As per the contract, on completion you must:
(a) deliver to the purchaser:
I. all documents of title relating to the assets;
II. unstamped transfer forms for each tenement to the extent registered in your name in favour of the purchaser in the form required by the Mining Act;
III. documents required to be signed by you to effect a transfer of the statutory licences, to the extent that such licences are transferrable;
IV. transfers to the purchaser of all motor vehicles to be sold under this agreement, completed and signed by you or on your behalf;
V. the equipment leases and executed assignments or novations of them to the purchaser and if required under an equipment lease, evidence of the written consent of the lessors under the equipment lease;
VI. executed counterparts of deed of assignment or novation of the consent contracts; and
VII. executed counterparts of any deeds of assignment or novation in respect of any of the other contracts that have been obtained prior to the completion date.
(a) subject to the contract, procure and provide reasonable evidence of the discharge and release of the tenements from:
I. the encumbrances that are listed in the schedules; and
II. any other encumbrances that are identified by you as applying to the tenement after the date of this agreement but before completion;
III. the other assets constituting the operations (other than the tenements) from all material encumbrances that may apply to them, in each case other than any permitted encumbrances, in a form reasonably acceptable to the purchaser.
(b) make available to the purchaser all records, except if you are legally required to retain any of the documents, you may make available copies of those documents to the purchaser; and
(c) deliver to the purchaser those assets capable of transfer by delivery and permit the purchaser to take possession of the assets.
• The contract provides that amongst other things, you will maintain each of the tenements and statutory licences in good standing, maintain the assets in a manner consistent with practices over the prior 12 months and keep the project on care and maintenance in accordance with Australian Industry Standards until completion.
Relevant legislative provisions
A New Tax System (Goods and Services Tax) Act 1999 - section 9-5
A New Tax System (Goods and Services Tax) Act 1999 - section 38-325
Reasons for the decision
Section 9-40 of the GST Act provides that you are liable for GST on the taxable supplies that you make.
Section 9-5 of the GST Act provides that you make a taxable supply where:
(a) you make the supply for consideration; and
(b) the supply is made in the course or furtherance of an enterprise that you carry on; and
(c) the supply is connected with Australia; and
(d) you are registered or required to be registered.
However, the supply is not a taxable supply to the extent that it is GST-free or input taxed.
In this case, you will supply the assets of your operations to the purchaser under the contract for consideration. You will make this supply in the course or furtherance of your enterprise of mining and other associated activities. The supply is connected with Australia as the relevant assets are located in Australia. As per our records, you are registered for GST. Therefore, paragraphs 9-5(a)-(d) will be satisfied.

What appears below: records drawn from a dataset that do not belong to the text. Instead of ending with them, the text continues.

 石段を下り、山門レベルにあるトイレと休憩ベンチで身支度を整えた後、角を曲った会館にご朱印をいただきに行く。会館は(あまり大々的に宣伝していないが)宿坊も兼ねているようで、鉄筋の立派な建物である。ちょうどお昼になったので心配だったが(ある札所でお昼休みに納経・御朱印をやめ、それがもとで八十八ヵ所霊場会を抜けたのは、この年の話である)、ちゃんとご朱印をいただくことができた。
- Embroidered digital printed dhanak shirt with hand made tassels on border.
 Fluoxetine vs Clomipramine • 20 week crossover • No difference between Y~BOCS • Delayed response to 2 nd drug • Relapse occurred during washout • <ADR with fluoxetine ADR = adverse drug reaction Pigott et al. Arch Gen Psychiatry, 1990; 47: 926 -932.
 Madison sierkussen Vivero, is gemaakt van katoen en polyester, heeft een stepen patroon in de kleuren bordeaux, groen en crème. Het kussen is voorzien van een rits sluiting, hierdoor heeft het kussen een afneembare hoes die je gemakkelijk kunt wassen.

In this case, the supply will not be an input taxed supply, as it does not fall under any of the provisions in Division 40 of the GST Act. However, it is necessary to ascertain whether it will be a GST-free supply under any provision of the Division 38 of the GST Act.

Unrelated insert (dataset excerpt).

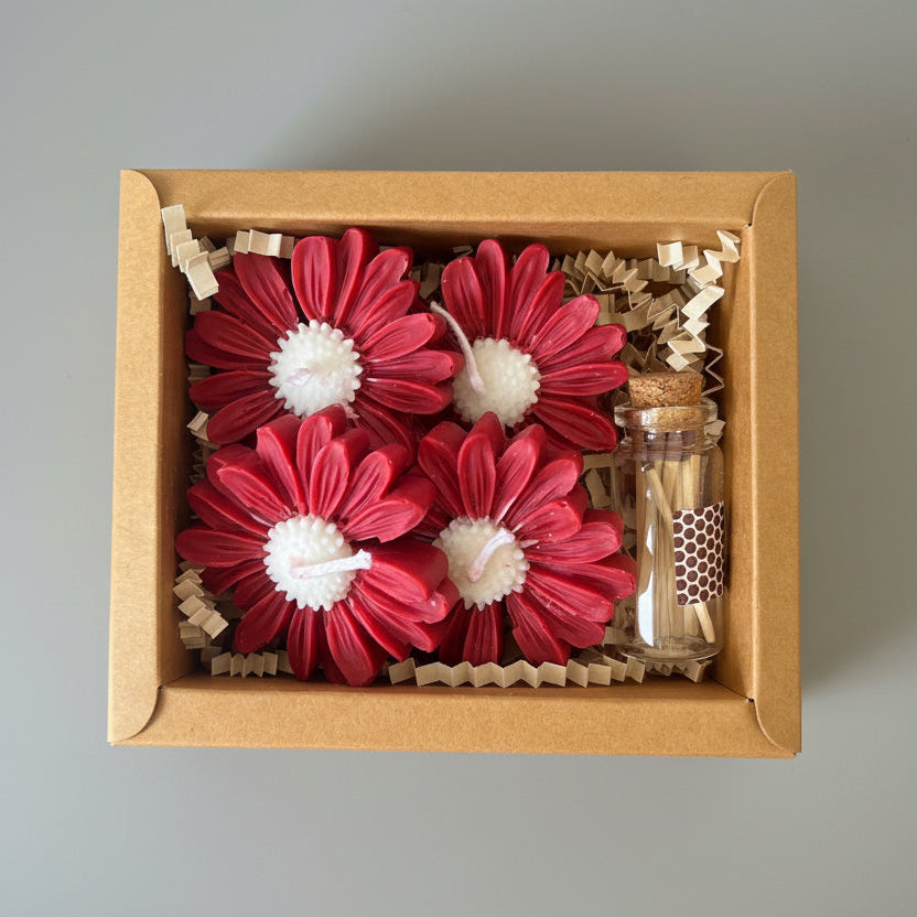 Margaritas Love es una propuesta delicada y luminosa que celebra la belleza natural de las flores y los pequeños rituales cotidianos. Compuesto por cuatro velas flotantes en forma de margarita, con pétalos rojos y centro blanco, este set aporta un contraste armónico y un toque floral elegante que realza cualquier espacio.

Section 38-325 of the GST Act provides that if certain conditions are satisfied, a supply of a going concern will be a GST-free supply. As such, it is necessary to consider whether your supply will satisfy the requirements of section 38-325 of the GST Act.
Supply of a going concern
Section 38-325 of the GST Act provides that:
1) The supply of a going concern is GST-free if:
(a) the supply is for consideration; and
(b) the recipient is registered or required to be registered; and
(c) the supplier and the recipient have agreed in writing that the supply is of a going concern.
1) A supply of a going concern is a supply under an arrangement under which:
(a) the supplier supplies to the recipient all of the things that are necessary for the continued operation of an enterprise; and
(b) the supplier carries on or will carry on the enterprise until the day of the supply (whether or not as part of a larger enterprise carried on by the supplier).

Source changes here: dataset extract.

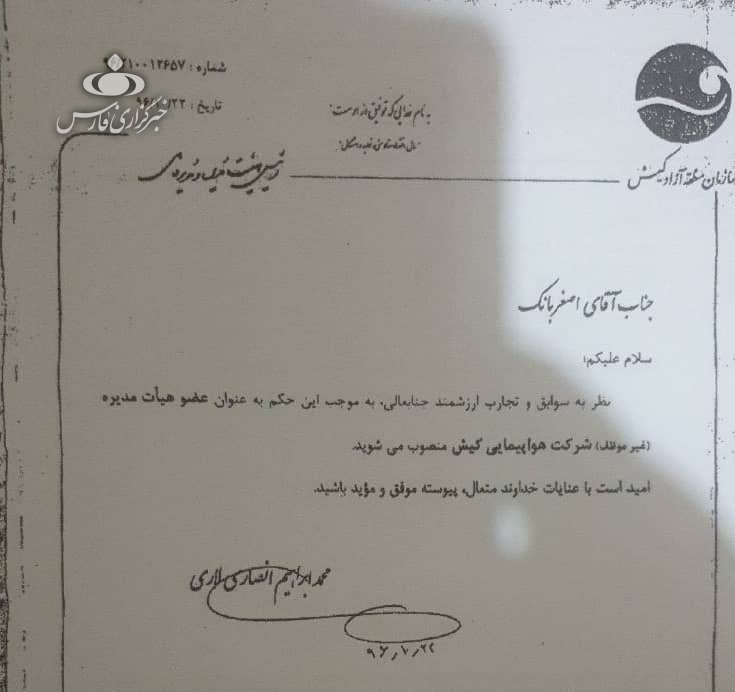 در عین حال، محمد ابراهیم انصاری لاری مدیرعامل سازمان منطقه آزاد کیش مورخ 22 دی ماه سال 96 برای اصغر بانک حکم عضو هیات مدیره غیرموظف در شرکت هواپیمایی کیش صادر کرد.

A supply will be a GST-free supply of a going concern, when all of the requirements in section 38-325 of the GST Act are satisfied. We have to determine whether your supply will be a going concern and if so, whether it will be GST-free.
Goods and Services Tax Ruling GSTR 2002/5 (GSTR 2002/5) discusses when is a supply of a going concern GST-free. A supply will be a supply of a going concern, where an arrangement satisfies paragraphs 38-325(2)(a) and (b) of the GST Act and the relevant supply is made under that arrangement.
An arrangement satisfies paragraph 38-325(2)(a) of the GST Act, where the supplier supplies to the recipient all of the things that are necessary for the continued operation of an enterprise.
The definition of 'supply of going concern' for the purposes of subsection 38-325(2) of the GST Act requires that the supply be a 'supply under an arrangement'.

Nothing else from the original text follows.